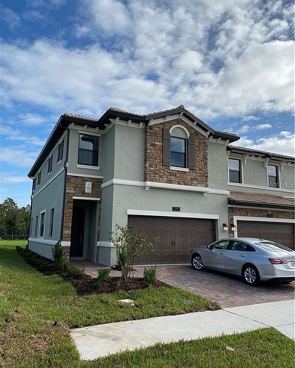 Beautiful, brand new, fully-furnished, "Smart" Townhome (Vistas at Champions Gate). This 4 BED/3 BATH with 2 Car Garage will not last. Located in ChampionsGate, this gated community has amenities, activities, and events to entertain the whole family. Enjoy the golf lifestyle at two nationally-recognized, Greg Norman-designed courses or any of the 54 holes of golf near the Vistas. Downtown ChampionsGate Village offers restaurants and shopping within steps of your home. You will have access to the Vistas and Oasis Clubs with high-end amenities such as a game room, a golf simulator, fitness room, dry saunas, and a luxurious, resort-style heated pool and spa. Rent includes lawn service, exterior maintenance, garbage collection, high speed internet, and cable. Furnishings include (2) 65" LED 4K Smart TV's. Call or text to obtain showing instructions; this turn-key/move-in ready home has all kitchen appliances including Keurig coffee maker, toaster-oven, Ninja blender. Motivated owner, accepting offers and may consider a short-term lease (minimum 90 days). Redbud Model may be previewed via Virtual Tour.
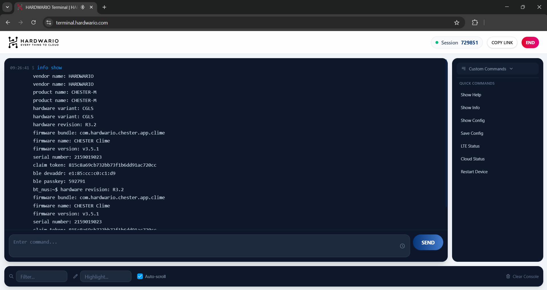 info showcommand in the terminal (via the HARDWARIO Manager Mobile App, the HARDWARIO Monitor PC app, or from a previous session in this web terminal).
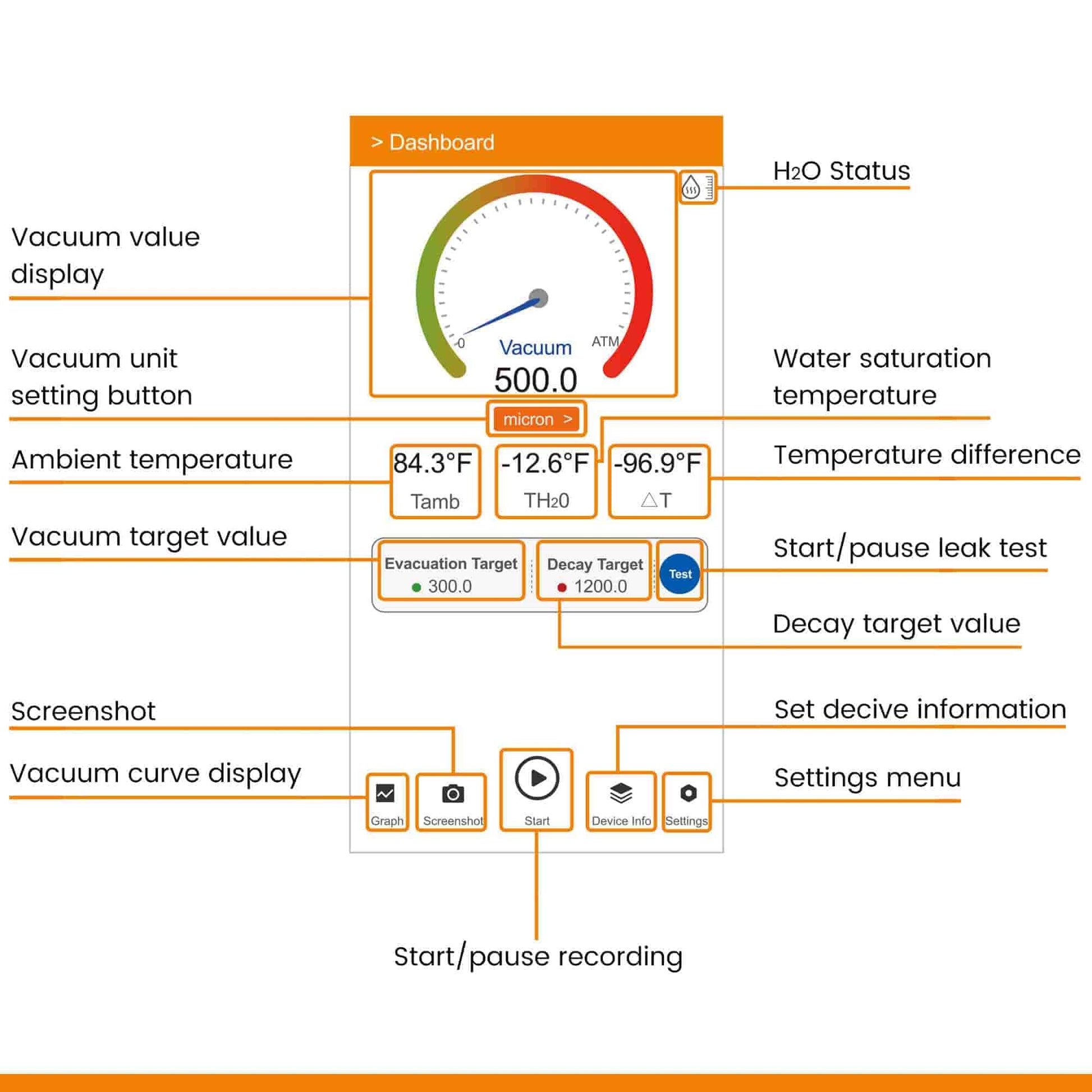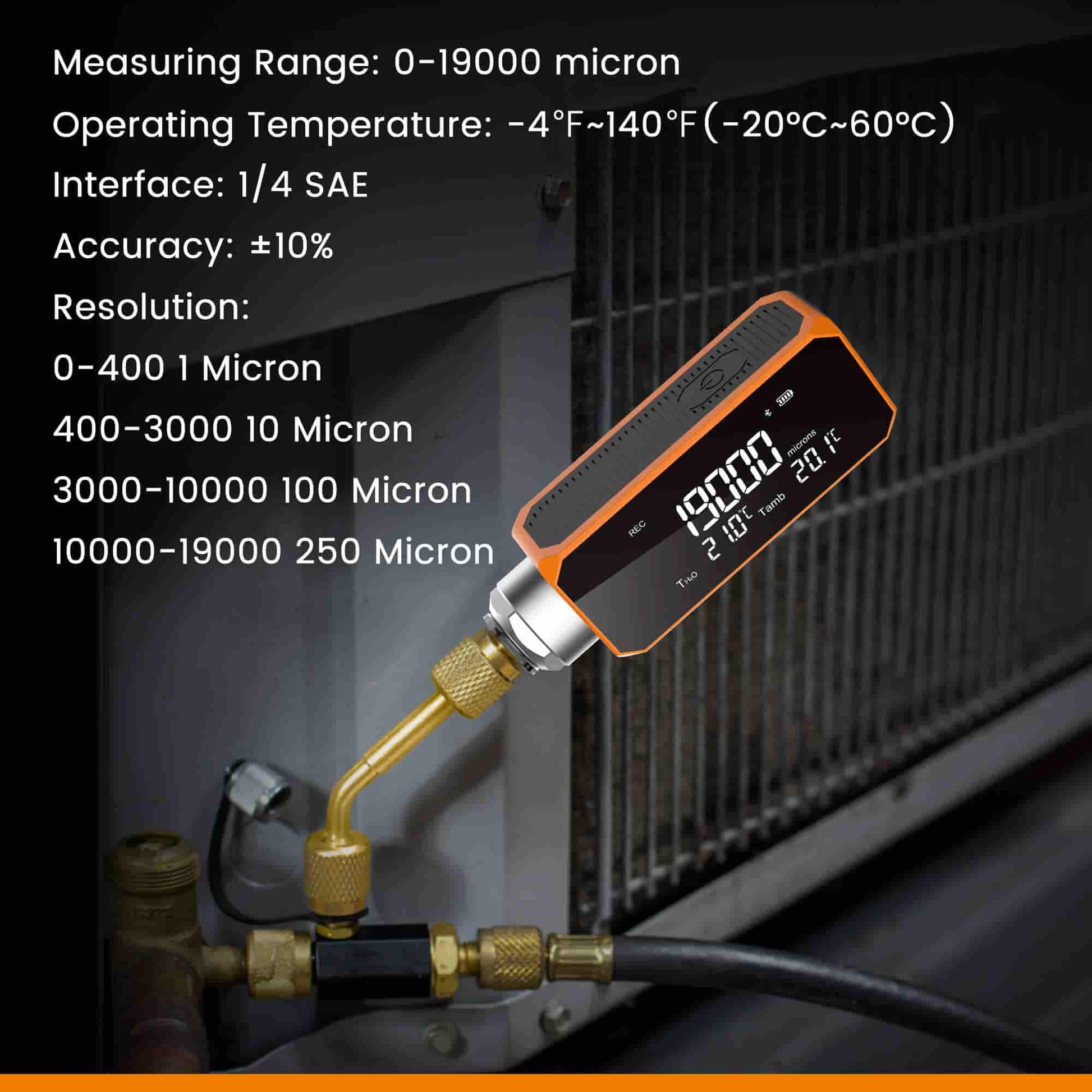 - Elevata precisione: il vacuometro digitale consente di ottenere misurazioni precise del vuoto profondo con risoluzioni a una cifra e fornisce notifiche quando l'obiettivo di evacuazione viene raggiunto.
**********
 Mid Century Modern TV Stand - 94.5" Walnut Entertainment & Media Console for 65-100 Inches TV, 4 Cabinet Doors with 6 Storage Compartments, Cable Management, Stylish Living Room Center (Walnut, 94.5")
**********
Please copy out from the data above, without any picture, exactly the lines running from the one that holds "info showcommand in" through the one that holds "- Elevata precisione: il", and nothing beyond them.

Answer to this problem:
 info showcommand in the terminal (via the HARDWARIO Manager Mobile App, the HARDWARIO Monitor PC app, or from a previous session in this web terminal).
 - Elevata precisione: il vacuometro digitale consente di ottenere misurazioni precise del vuoto profondo con risoluzioni a una cifra e fornisce notifiche quando l'obiettivo di evacuazione viene raggiunto.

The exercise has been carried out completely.